[YOUR ASSIGNMENT] Your output should be the lines below from the one holding "Etwa auf halbem" through the one holding "BATAM–Dinas Pemuda dan", transcribed exactly, with no pictures.

Records from a dataset:
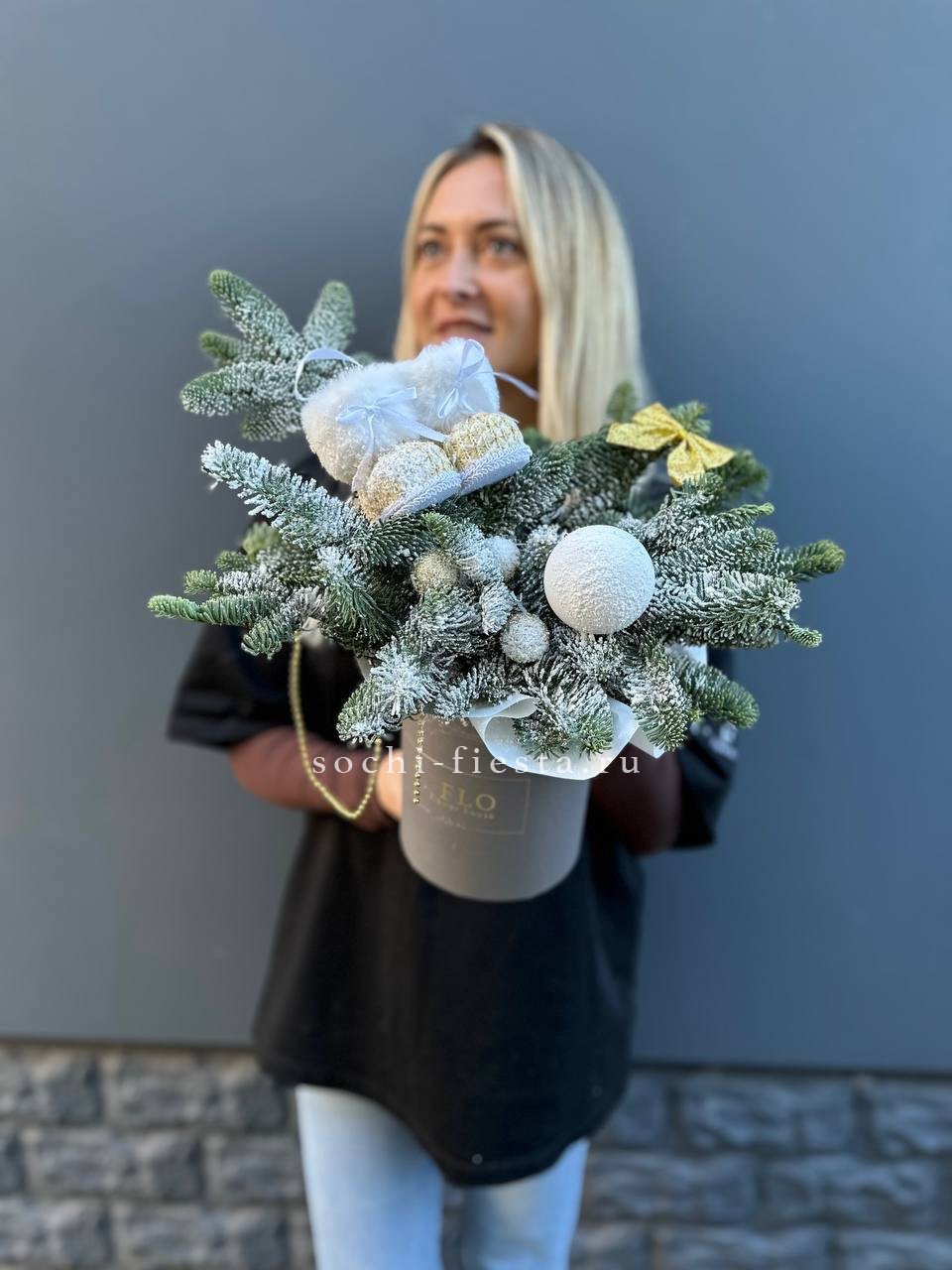 датский нобилис, сапожки, шары ВНИМАНИЕ! Готовая композиция (декор) может иметь незначительные внешние отличия от примера на фотографии.
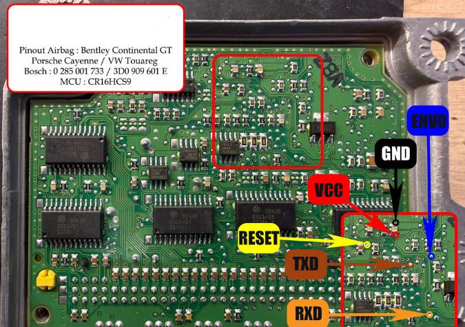 Here shares Xhorse Multi Prog Airbag Pinout for Bentley Continental GT / Porsche Cayenne / VW Touareg with CR16HCS9 MCU.
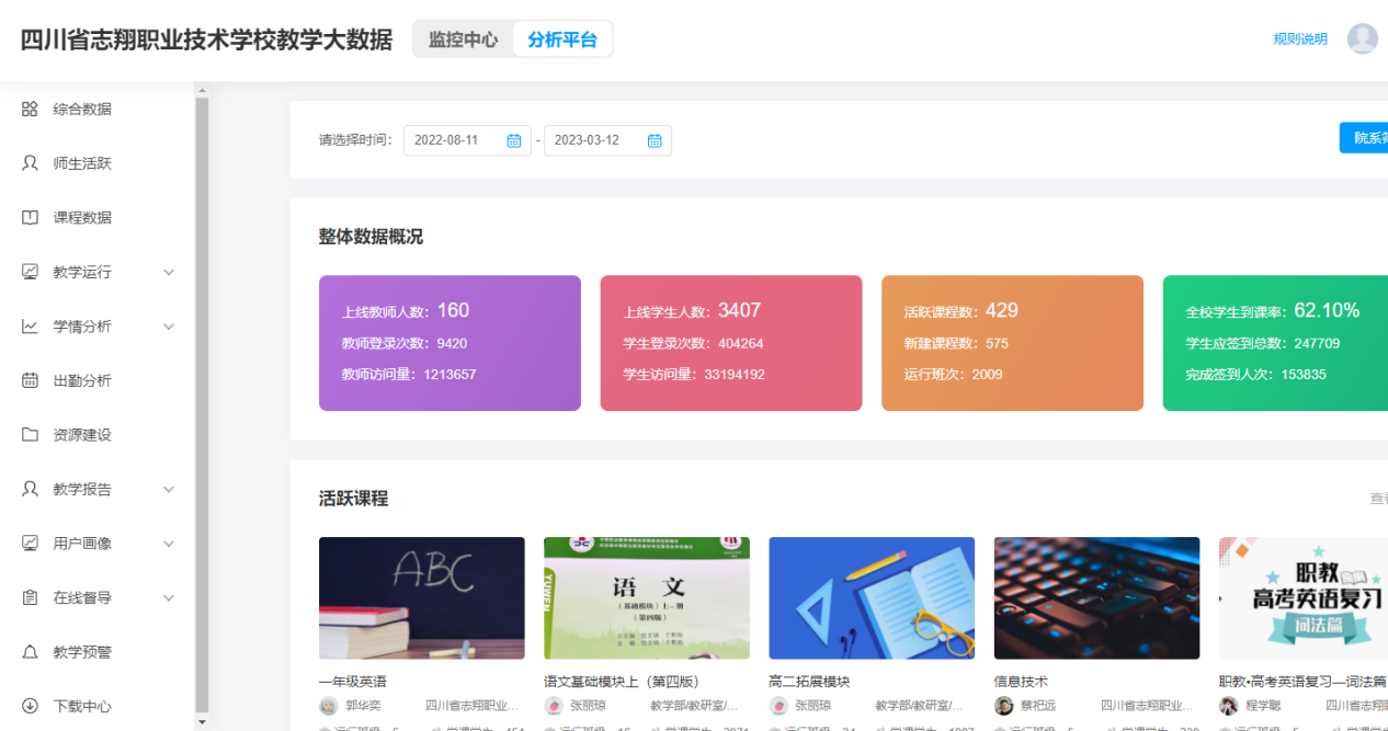 建设专业课程资源包6个。建成专业群管理平台、教学资源库和智慧教学系统,引入中职学校各学科教学资源包,优化了学校教育教学条件,推进了教学方法改革。2022年8月至今,共有2009班次使用,新建课程575门,160名教师上线,教师访问量121.3万次,3407名学生上线,学生访问量3319.4万次。
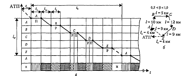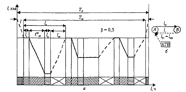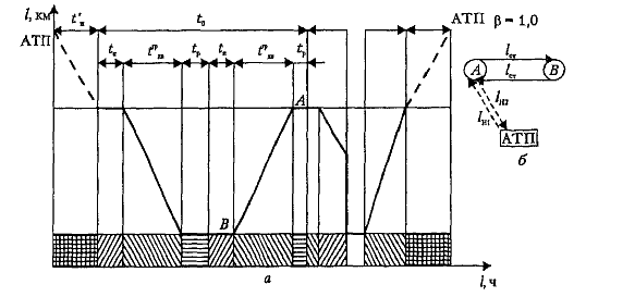 Рис. 5. График работы автомобиля на маятниковом маршруте с обратным холостым пробегом (а) и его схема (б). Технико-экономические показатели для этого маршрута рассчитываются по следующим формулам:
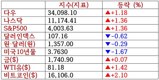 뉴욕증시는 22일(현지시간) 일제히 상승했다. 뉴욕증권거래소(NYSE)에서 다우지수는 전장 대비 397.82포인트(1.18%) 오른 3만4098.10에 거래를 마쳤다. 대형주 중심의 S&P500지수는 53.64포인트(1.36%) 높은 4003.58에, 기술주 중심의 나스닥지수는 149.90포인트(1.36%) 상승한 1만1174.41에 장을 마감했다.
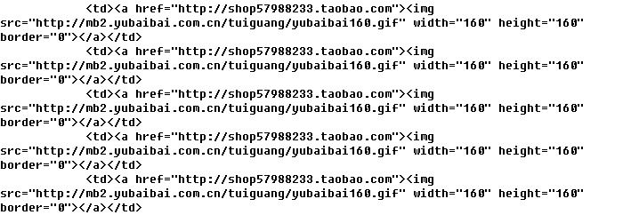 <td><a href="http://shop57988233.taobao.com"><img src="http://mb2.yubaibai.com.cn/tuiguang/yubaibai160.gif" width="160" height="160" border="0"></a></td>
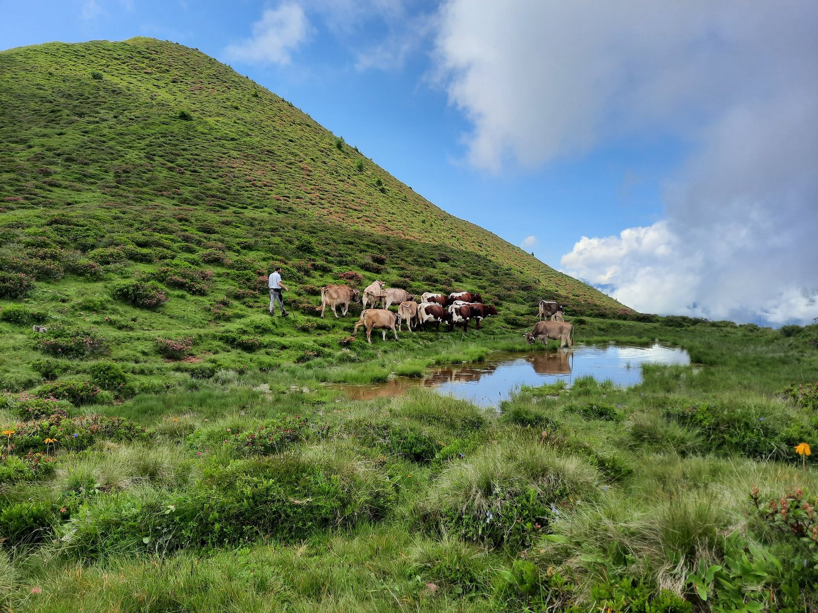 Etwa auf halbem Weg müssen wir mit unserer kleinen Gruppe eine Kehrtwende machen. Da passiert es. Eine Braune kommt zu nahe an eine Pinzgauer. Diese wendet sich abrupt und weist die Braune zurecht. Da wäre nichts Schlimmes dabei, doch die Braune stolpert rückwärts, fällt und bleibt auf dem Rücken zwischen den Alpenrosenbüschen hängen.
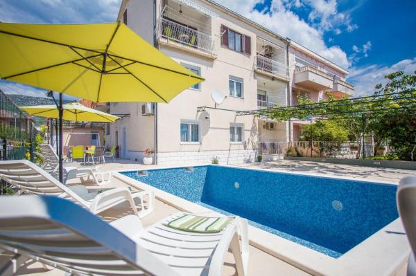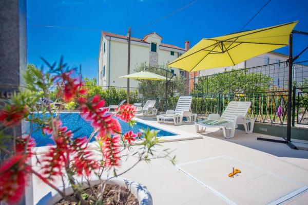Warm recommendation, especially if you have a small child or children. The yard is beautifully decorated, the pool is perfectly clean, the suites are equipped with everything you need for a stay, they all met us neat and clean. The hosts are warm, hearty and always ready to help. We stayed in an apartment overlooking the sea, a perfect place for drinking morning coffee. The sea is clean and the beaches are neat. The beachside environment is very nicely decorated. In the vicinity we discovered a couple of good restaurants (Ballet School, Holiday) with very good food and normal prices, close to shops, and neither Split nor Trogir are far away. This family is a real example of how to deal with tourism. Svaka pohvala !!! :)
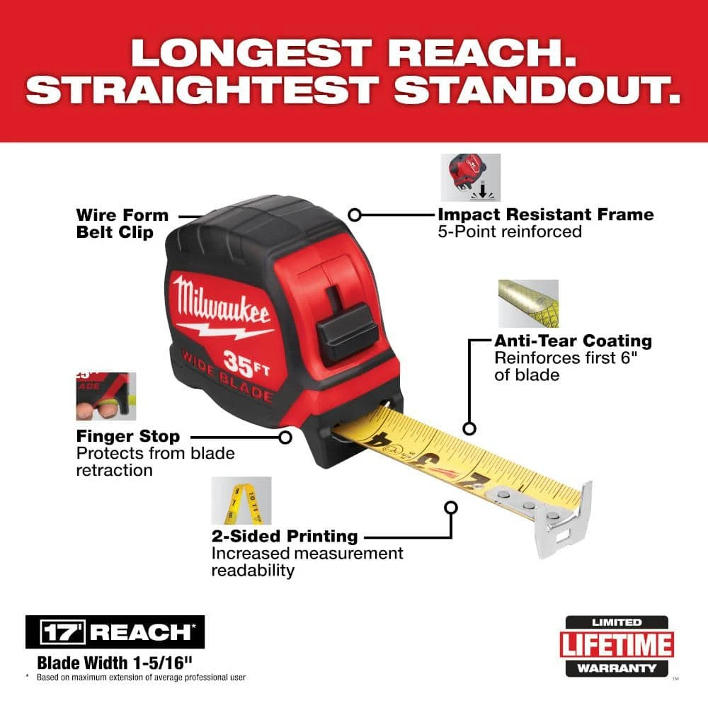 The Milwaukee 35 ft. Wide Blade Tape Measures have the longest reach and straightest standout in the industry. Users can reach further on the jobsite with up to 16 ft. of reach to take long measurements on their own. The Milwaukee blade design provides the straightest standout, reducing blade arc for efficient and accurate measuring. The tape measures are wear and impact-resistant with nylon bond blade protection and an additional anti-tear coating on the first 6 in. of the blade, reducing tape tear. Built to withstand the jobsite, the measuring tapes are constructed with a 5-point reinforced frame for impact resistance.
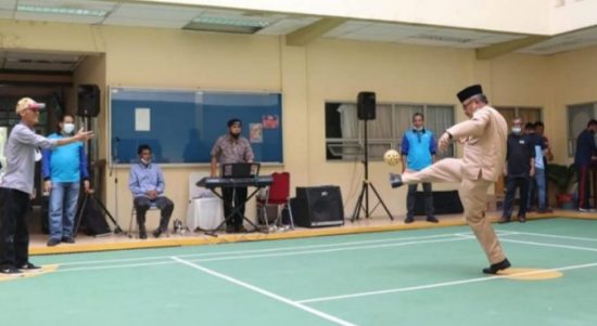 BATAM–Dinas Pemuda dan Olahraga (Dispora) Batam menggelar ekshibisi sepak takraw di lapangan Dispora Batam, Jumat (5/3/2021). Pertandingan persahabatan itu dihadiri Sekretaris Daerah
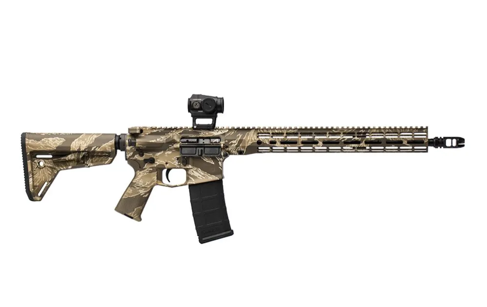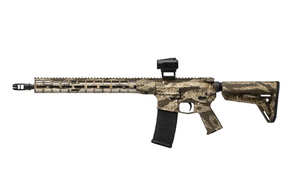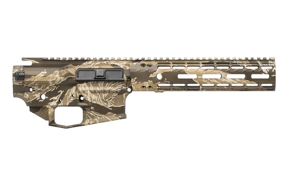The August Builder Sets are here to start your summer build off strong. This month’s set features a take on the cult classic tiger stripe camouflage by Nevada Cerakote. A desert colorway gives it a refreshing look that will look at home on the range or your next arid hunt.

[RESULT]
 Etwa auf halbem Weg müssen wir mit unserer kleinen Gruppe eine Kehrtwende machen. Da passiert es. Eine Braune kommt zu nahe an eine Pinzgauer. Diese wendet sich abrupt und weist die Braune zurecht. Da wäre nichts Schlimmes dabei, doch die Braune stolpert rückwärts, fällt und bleibt auf dem Rücken zwischen den Alpenrosenbüschen hängen.
Warm recommendation, especially if you have a small child or children. The yard is beautifully decorated, the pool is perfectly clean, the suites are equipped with everything you need for a stay, they all met us neat and clean. The hosts are warm, hearty and always ready to help. We stayed in an apartment overlooking the sea, a perfect place for drinking morning coffee. The sea is clean and the beaches are neat. The beachside environment is very nicely decorated. In the vicinity we discovered a couple of good restaurants (Ballet School, Holiday) with very good food and normal prices, close to shops, and neither Split nor Trogir are far away. This family is a real example of how to deal with tourism. Svaka pohvala !!! :)
 The Milwaukee 35 ft. Wide Blade Tape Measures have the longest reach and straightest standout in the industry. Users can reach further on the jobsite with up to 16 ft. of reach to take long measurements on their own. The Milwaukee blade design provides the straightest standout, reducing blade arc for efficient and accurate measuring. The tape measures are wear and impact-resistant with nylon bond blade protection and an additional anti-tear coating on the first 6 in. of the blade, reducing tape tear. Built to withstand the jobsite, the measuring tapes are constructed with a 5-point reinforced frame for impact resistance.
 BATAM–Dinas Pemuda dan Olahraga (Dispora) Batam menggelar ekshibisi sepak takraw di lapangan Dispora Batam, Jumat (5/3/2021). Pertandingan persahabatan itu dihadiri Sekretaris Daerah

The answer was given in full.